Goal of the exercise:
Copy each line of the records exactly, stopping only after the line that contains "En e-bike, Maxime" has been written, and leave pictures out.

━━━━━ Source material

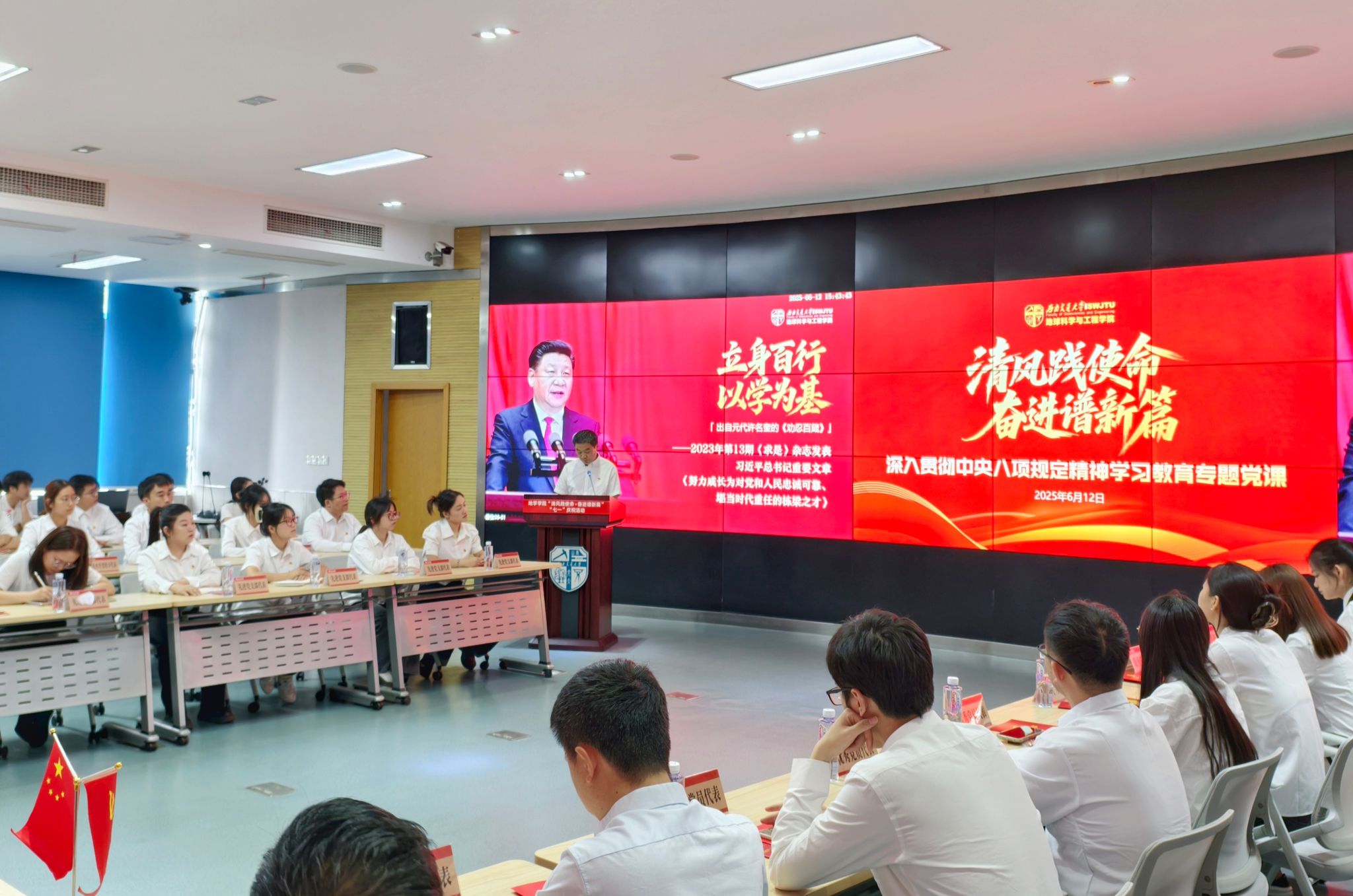 党委于2025年6月12日在X4243会议室开展“清风践使命・奋进谱新篇”——深入贯彻中央八项规定精神学习教育专题党课。党课由党委书记关秦川主讲,党委副书记、纪委书记郑波,党委委员胡卸文出席活动,院内师生党员80余人参加党课。
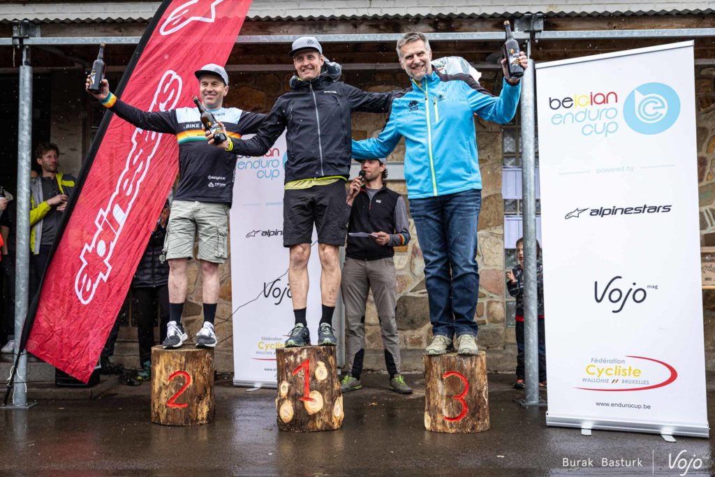 En e-bike, Maxime Lichtken l’emporte en surclassement, avec un temps qui le placerait en 4e position scratch et avec plus d’une minute d’avance sur Patric Maes, son plus proche poursuivant (qui l’emporte en Masters – absent sur le podium à droite) !
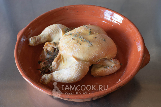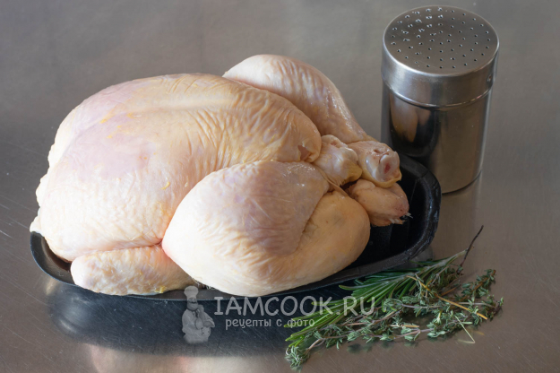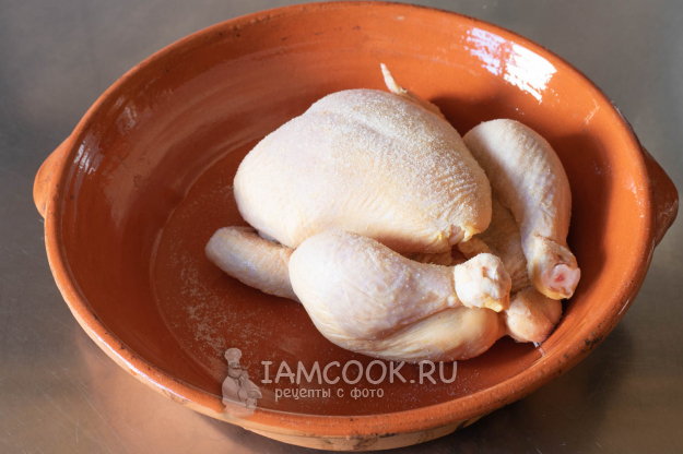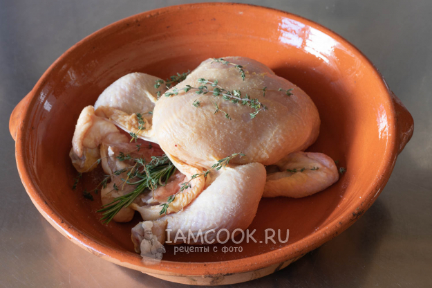 Перед началом приготовления курицы в горшке в духовке (целиком в одном горшке) мясо курицы должно иметь комнатную температуру. Набор приправ абсолютно произволен.
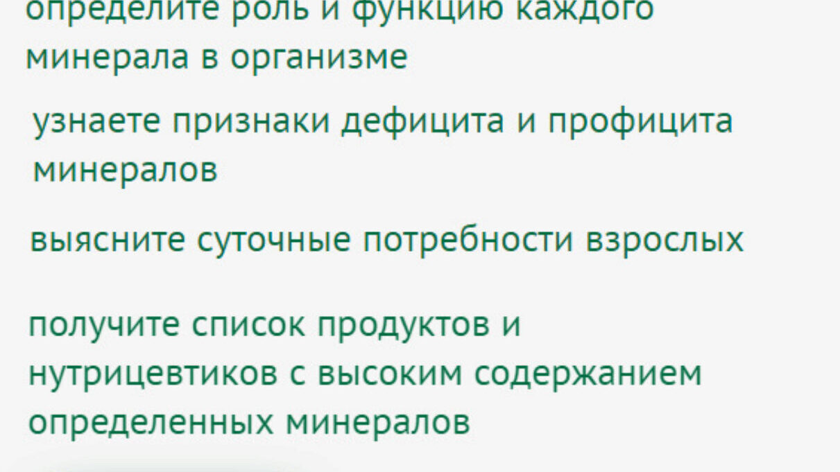 получите список продуктов и нутрицевтиков с высоким содержанием определенных минералов
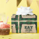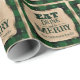 Este papel de embrulho de presente personalizado apresenta um tema de Natal festivo. O plano de fundo apresenta um padrão verde rústico de xadrez de Buffalo espalhado com flocos de neve. Um poster de papel pergaminho vintage é impresso no centro e enquadrado com uma borda de estilo folha de ouro. A frase "Coma Bebida e Seja Feliz" é impressa no topo em uma fonte verde escura, seguida de um nome de família de amostra. Você pode personalizar o papel de empacotamento para incluir seu próprio nome personalizado ou outro texto.
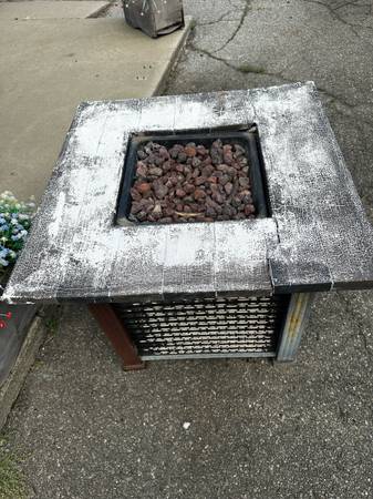 Condition as shown crack on top doesn’t affect functionality included are lava rocks, but not propane tank the flame height can be adjusted but the push start no longer works, I light it from the element on top with a lighter.

━━━━━━━━━━

Worked solution:
 党委于2025年6月12日在X4243会议室开展“清风践使命・奋进谱新篇”——深入贯彻中央八项规定精神学习教育专题党课。党课由党委书记关秦川主讲,党委副书记、纪委书记郑波,党委委员胡卸文出席活动,院内师生党员80余人参加党课。
 En e-bike, Maxime Lichtken l’emporte en surclassement, avec un temps qui le placerait en 4e position scratch et avec plus d’une minute d’avance sur Patric Maes, son plus proche poursuivant (qui l’emporte en Masters – absent sur le podium à droite) !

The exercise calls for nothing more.